Andrés no supo que decirle. Jamás hubiese imaginado algo así.
-Entiendo que vuestra historia haya sido complicada teniendo a… a esta mujer en vuestra contra –declaró finalmente.
 -Nuestra historia fue complicada porque cuando nos conocimos, yo no era un hombre libre –decretó Gonzalo-. Durante dieciséis años viví alejado de mi familia; una perturbada me alejó de ellos llevándome al Amazonas con tan solo seis años. Solo cuando pude librarme de ella, regresé a Puente Viejo para reencontrarme con mis padres. Y fue entonces cuando conocí a María, la hija de la mejor amiga de mi difunta madre.
-Y… dices que no eras un hombre libre, ¿acaso estuviste casado antes de conocer a María? –se extrañó su amigo.
La mirada de Gonzalo se posó en la fina línea del horizonte, donde el sol comenzaba a decaer.
-Casado con la iglesia –dijo, escuetamente-. Era diacono, a punto de profesar los votos.

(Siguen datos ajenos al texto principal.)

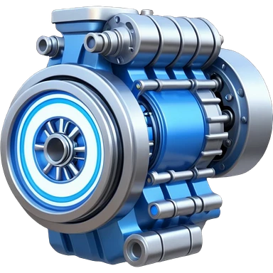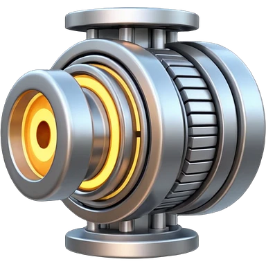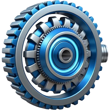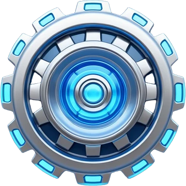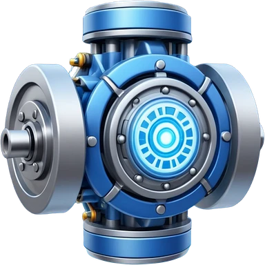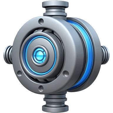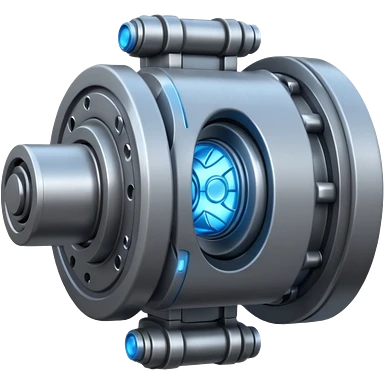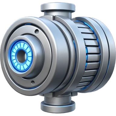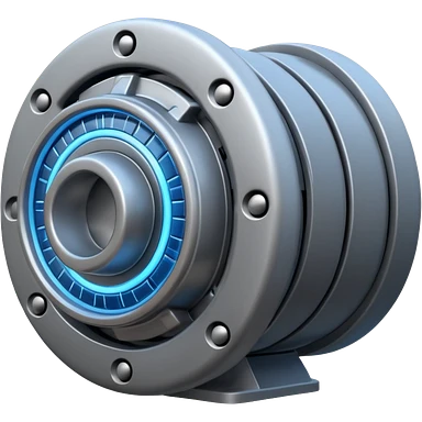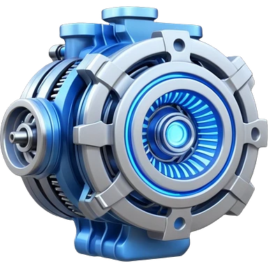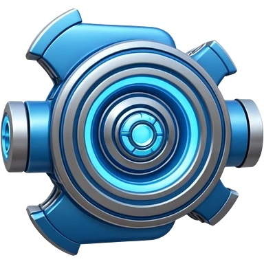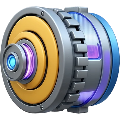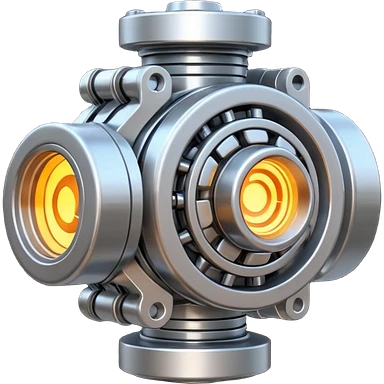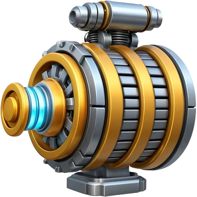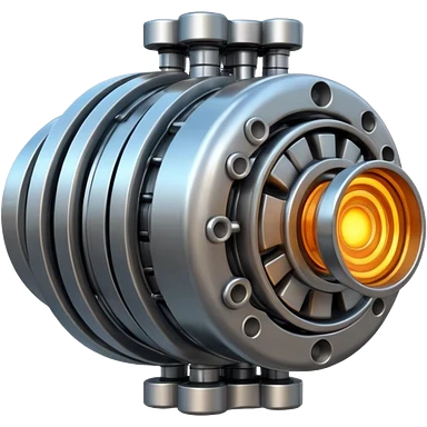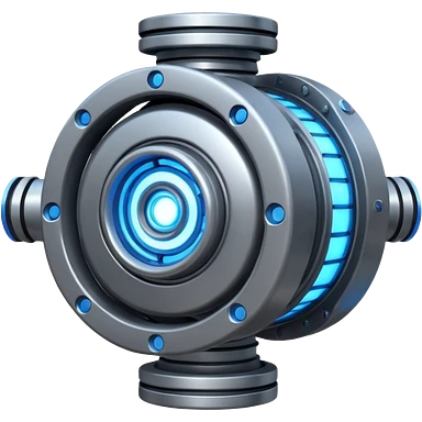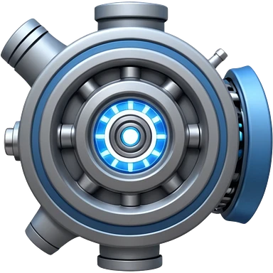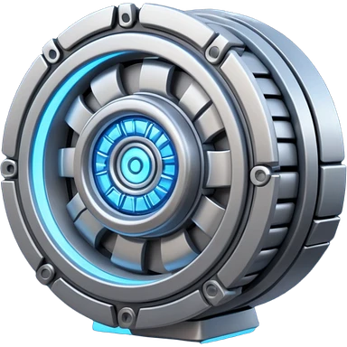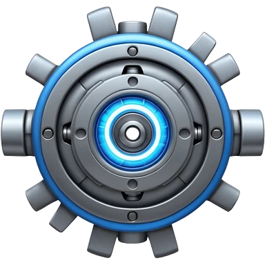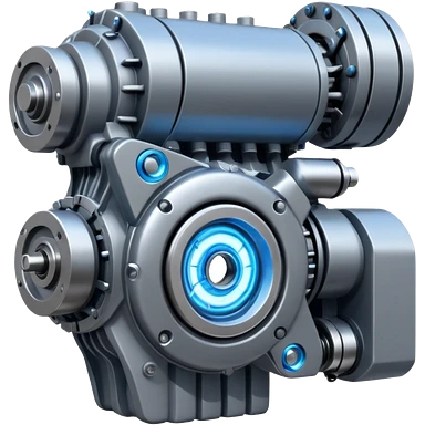 Dynamic high-mass futuristic engine emoji with thick metal housing, rotating components, glowing core, modern tech design. emoji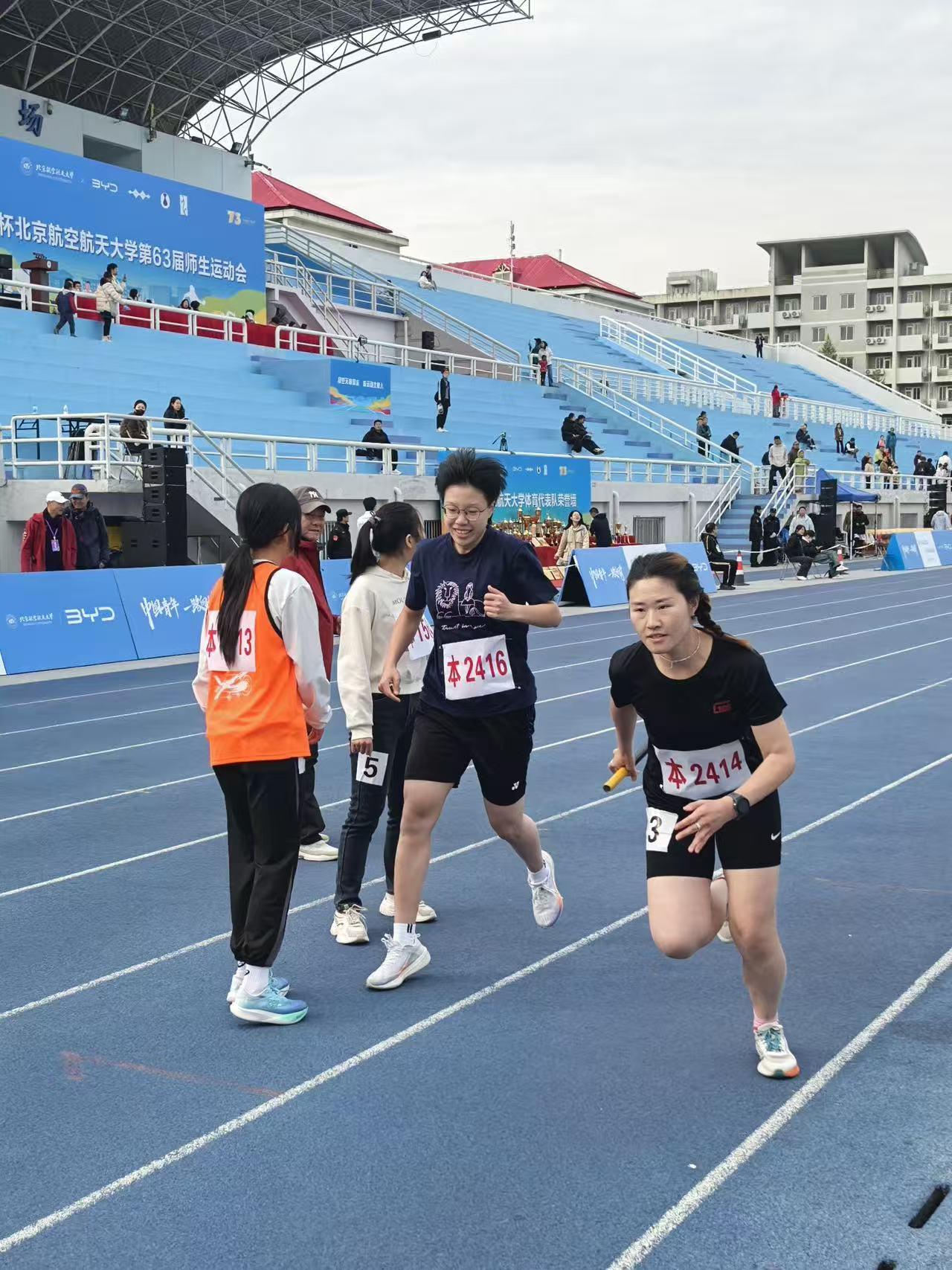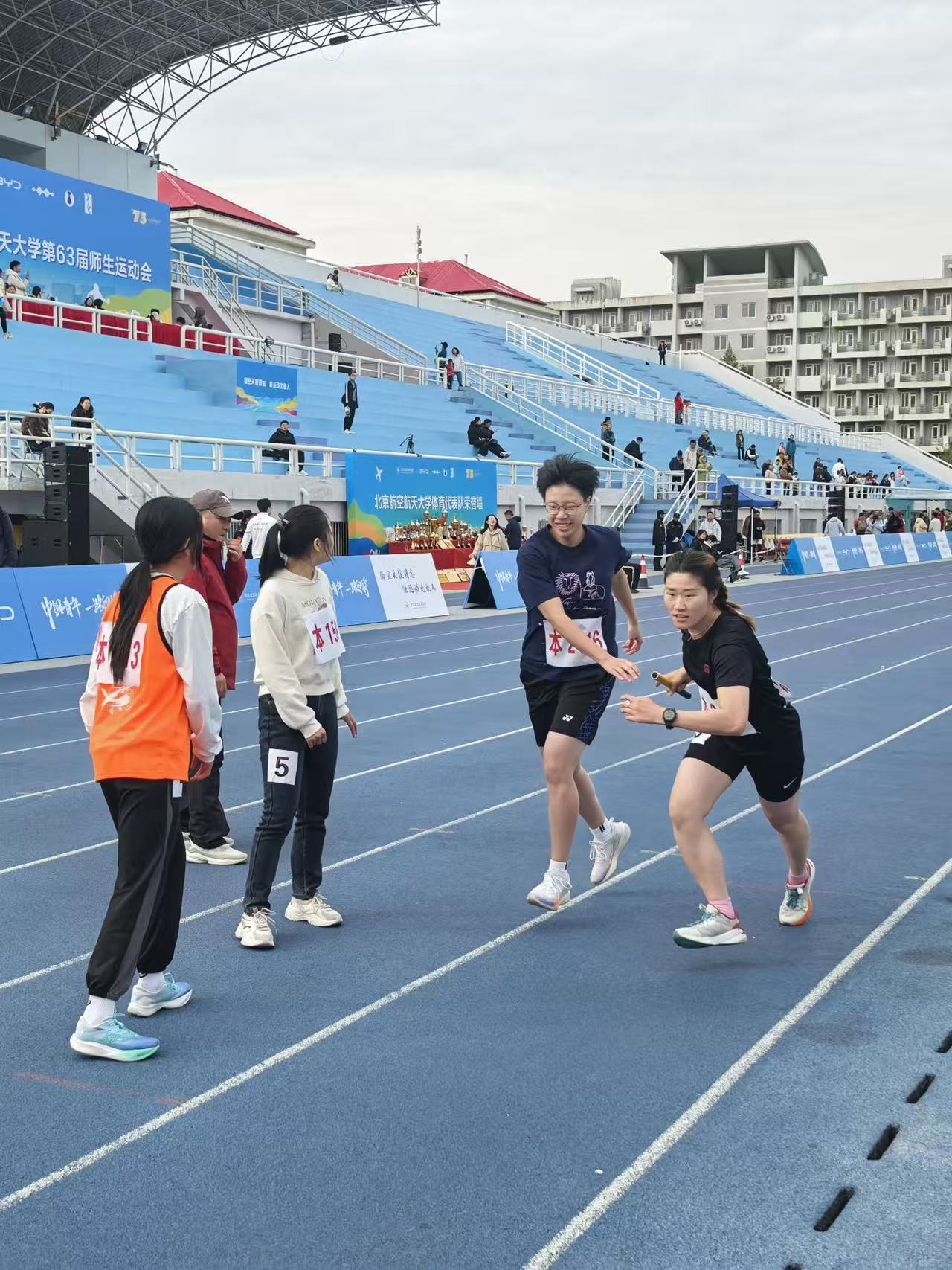 紧张刺激的接力赛中,每一位选手都全神贯注,拼尽全身力气奔跑;接力棒的每一次传递,都是信任的交接,更是团结与拼搏精神的生动体现。

Andrés abrió los ojos, desconcertado. Podía haberse imaginado cualquier respuesta menos aquella.
-¿Eras… cura?
Gonzalo sonrió, como si le hubiesen contado una broma. Resultaba irónico pensar en lo caprichoso que era el destino. Él que siempre había sabido que quería ser sacerdote, vio como esa determinación se tambaleó al conocer a María.
-Sí, lo fui. Durante un tiempo… lo fui. Creí que mi fe en Dios lograría ayudarme a superar el amor que sentía por María, pero… no fue así. La quería demasiado.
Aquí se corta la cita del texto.